DETAILED DESCRIPTION

[0026] An efficient implementation of a fast repeated integral images method, e.g., for approximating a Gaussian filter, may be used for filtering images in applications such as computer vision, computer graphics, etc. The proposed approach minimizes

computational complexity, data input/output (I/O) bandwidth, as well as cache requirement while maintaining maximum flexibility for implementation in comparison to known techniques, such as boxcar filtering, stacked integral images, and repeated integral images method.

[0027] Fig. 1 illustrates a direct filtering implementation using a conventional 2D boxcar filter 10, which is commonly used by many applications either stand-alone or as foundation for more sophisticated functions. Conventional 2D boxcar filter 10 provides a moving average of an image 12. The 2D boxcar filter 10 has a width of n pixel and a height of m pixels, that moves across the image 12, in both the X and Y directions, e.g., in a raster scan, as illustrated by arrows. As the boxcar filter 10 moves across the image 12, a moving average of the pixels within the boxcar filter 10 is generated.

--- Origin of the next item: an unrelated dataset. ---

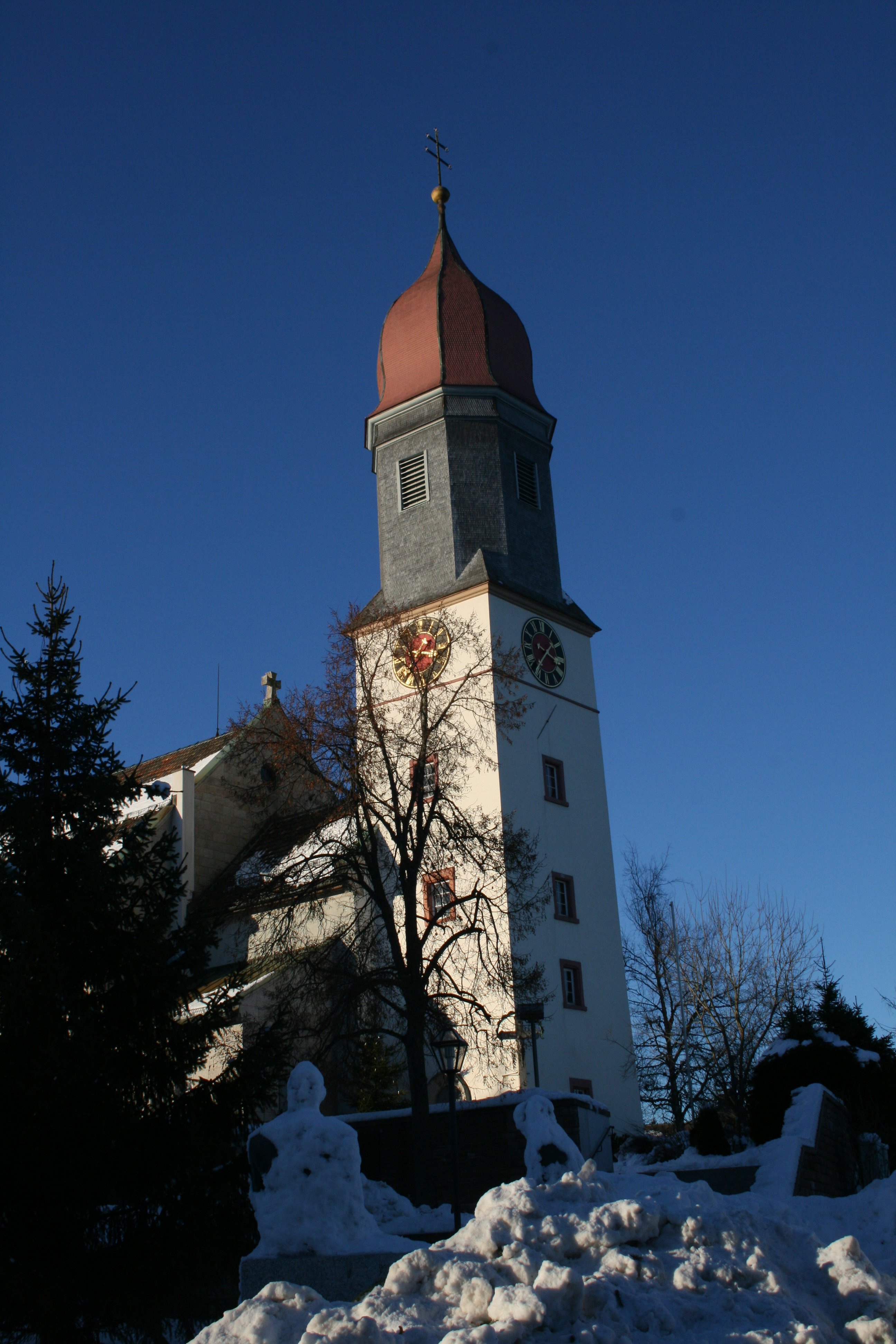 Catholic Church of St. Michael
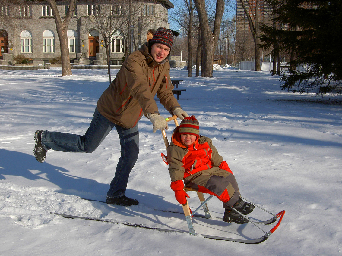 Kicksled

However, computational complexity as well as memory access bandwidth for 2D boxcar filtering could be unreasonably high if implemented directly as shown in Fig. 1 given large number of redundant computation as well as memory accesses.

[0028] Fig. 2 illustrates a conventional filtering implementation using integral images. Integral images is a more efficient implementation of 2D boxcar filtering that uses a simple differential among the four corners of the spatial area 20 of the integral image. The spatial area 20 is typically rectangular, but can be other shapes. The 2D

accumulation of pixel values is generated only once. In other words, the pixels of image 22 are accumulated horizontally, as illustrated by the triangle 24, and then accumulated vertically as illustrated by triangle 26. As illustrated by the + and - signs in Fig. 2, the boxcar filtering is produced as a 2D differential among the four rectangular areas, which is moved along the horizontal axis, then along the vertical axis.

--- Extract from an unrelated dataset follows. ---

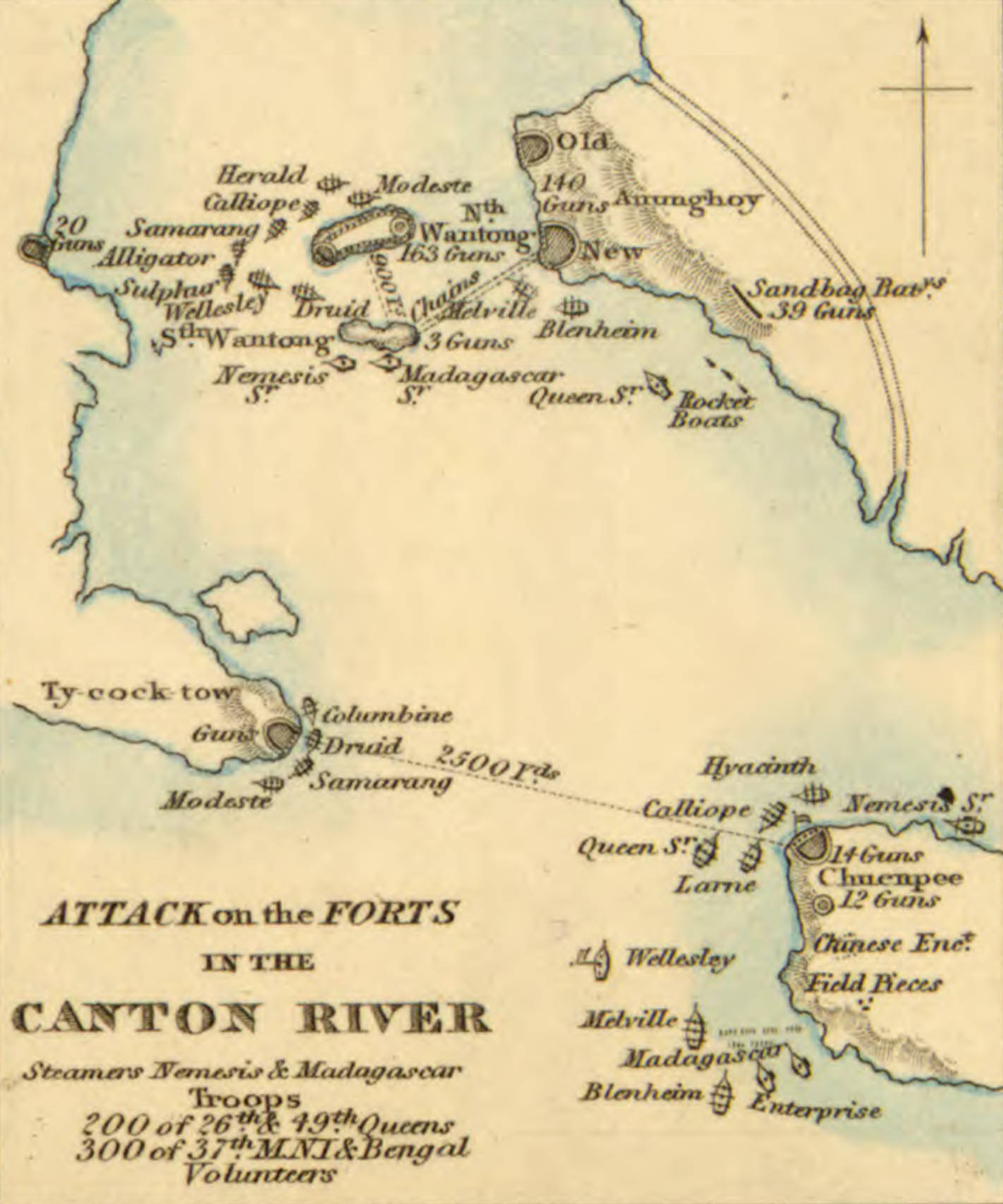 Attack on the forts in the Canton River. Inset of "A map to illustrate the war in China / compiled from surveys & sketches of British officers and other information by James Wyld".

[0029] A plurality of stacked 2D boxcar filters of different sizes may be used to implement non-uniform filters, such as staircase functions, or even to approximate more sophisticated filters. To improve efficiency, stacked boxcar filtering can be extended to the integral image method shown in Fig. 2 using multiple sets of four corners, one set for each boxcar filter, referred to as stacked integral images. Figs. 3 A and 3B illustrate a top view and side view, respectively, of conventional 2D stacked boxcar filters, in which there are stacked 1, 2, 3, 4, and 5 boxcar filters, and which may be used with stacked integral images to approximate a Gaussian filter. Variations are possible, such as spatial rotation of the stack of boxcar filters, e.g., by 45°, for finer granularity in filter widths over the pixel grid, or a combination of rotation and scaling of individual boxcar filters for desired optimization depending on the requirements of applications. The approximation of the desired filter may be improved using a sufficiently large number of boxcar filters.

[0030] For non-uniform filter functions, such as a Gaussian function, a more accurate approximation may be more efficiently achieved by repeatedly convolving, instead of stacking, boxcar filters as suggested by the law of large number from probability theory. Fig. 4 illustrates the convolution of ID boxcar filters, where it can be seen with each repetition a better approximation of a Gaussian is produced.

[0031] The repeatedly convolving approach may also be used to improve efficiency of integral image method, which is commonly referred to as the repeated integral images method. Repeated integral images method differs from the stacked integral images method, in that the repeated integral images method requires one image integral per boxcar filtering. Fig. 5 is a block diagram illustrating the architecture 40 for performing a repeated integral images method for Gaussian approximation. As can be seen, the architecture 40 includes a processing unit 42 and storage unit 44, as well as a data bus 46. The processing unit 42 performs a 2D image integral 48 followed by 2D image differential 50, as described in Fig. 2, sequentially multiple times, illustrated by the dotted arrow between a plurality of 2D image integrals 48 and 2D image differentials 50. The input and output each time the 2D image integral 48 is performed and each time the 2D image differential 50 is retrieved from and provided to the storage unit 44 through data bus 46.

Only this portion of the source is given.